We can solve this problem using Depth-First Search (DFS). Here's a step-by-step breakdown:

  1. Initialize:
    • Store the original color of the starting cell.
    • Create a visited matrix to keep track of cells we've already processed.
    • Maintain a list to collect border cells.
  2. DFS Traversal:
    • Start DFS from the given (row, col).
    • For each cell, mark it as visited.
    • For each of the four directions, check the neighbor:
      • If the neighbor is out of bounds or has a different color, mark the current cell as a border cell.
      • If the neighbor is within bounds and the same color, continue DFS if it hasn't been visited.
    • If the cell is a border, add it to the border list.
  3. Coloring:
    • After DFS, loop through all border cells and set their color to the given new color.
  4. Return:
    • Return the modified grid.

This approach ensures that only the border cells of the connected component are colored, and no cell is colored more than once. The use of a visited matrix ensures we do not revisit or recolor any cell.

Example Walkthrough

Let's consider the following example:

Input:
grid = [[1,1],[1,2]], row = 0, col = 0, color = 3

  1. The component connected to (0,0) consists of cells (0,0), (0,1), and (1,0), all with color 1.
  2. For each cell, check if it's a border:
    • (0,0): On the top and left edge of the grid → border
    • (0,1): On the top and right edge → border
    • (1,0): On the left edge, and its neighbor (1,1) is color 2 (different) → border
  3. All three cells are border cells. We color them with 3.
  4. Result:
    [[3,3],[3,2]]

The solution only colors the border cells, leaving any non-component or internal cells unchanged.

Time and Space Complexity

Brute-force approach:
If we tried to color every cell and then backtrack, the time and space complexity could be as high as O(m*n) for an m x n grid, with redundant work.

Optimized DFS approach:

  • Time Complexity: O(m*n) in the worst case, since we may visit every cell in the grid once (if the component covers the whole grid).
  • Space Complexity: O(m*n) for the visited matrix and, in the worst case, the recursion stack and border list.

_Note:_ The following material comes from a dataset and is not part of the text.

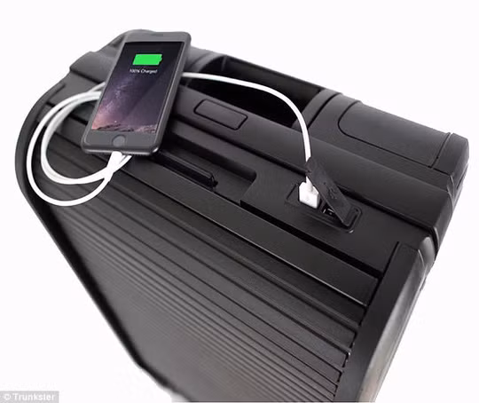 Chiếc vali Trunkster không có khóa kéo mà được thiết kế như cửa cuốn, giúp bạn dễ dàng lấy đồ đạc. Ngoài ra vali còn có cân tích hợp, thiết bị theo dõi toàn cầu và cổng sạc USB.

These complexities are optimal, as we must at least visit every component cell to determine its border status.

Summary

The "Coloring A Border" problem is a twist on classic region-filling algorithms. The key insight is to use DFS to both identify the connected component and determine which of its cells are borders. By carefully marking visited cells and checking neighbors, we can efficiently collect and recolor only the required border cells. This approach is clean, avoids unnecessary coloring, and demonstrates how classic traversal techniques can be adapted to solve nuanced grid problems.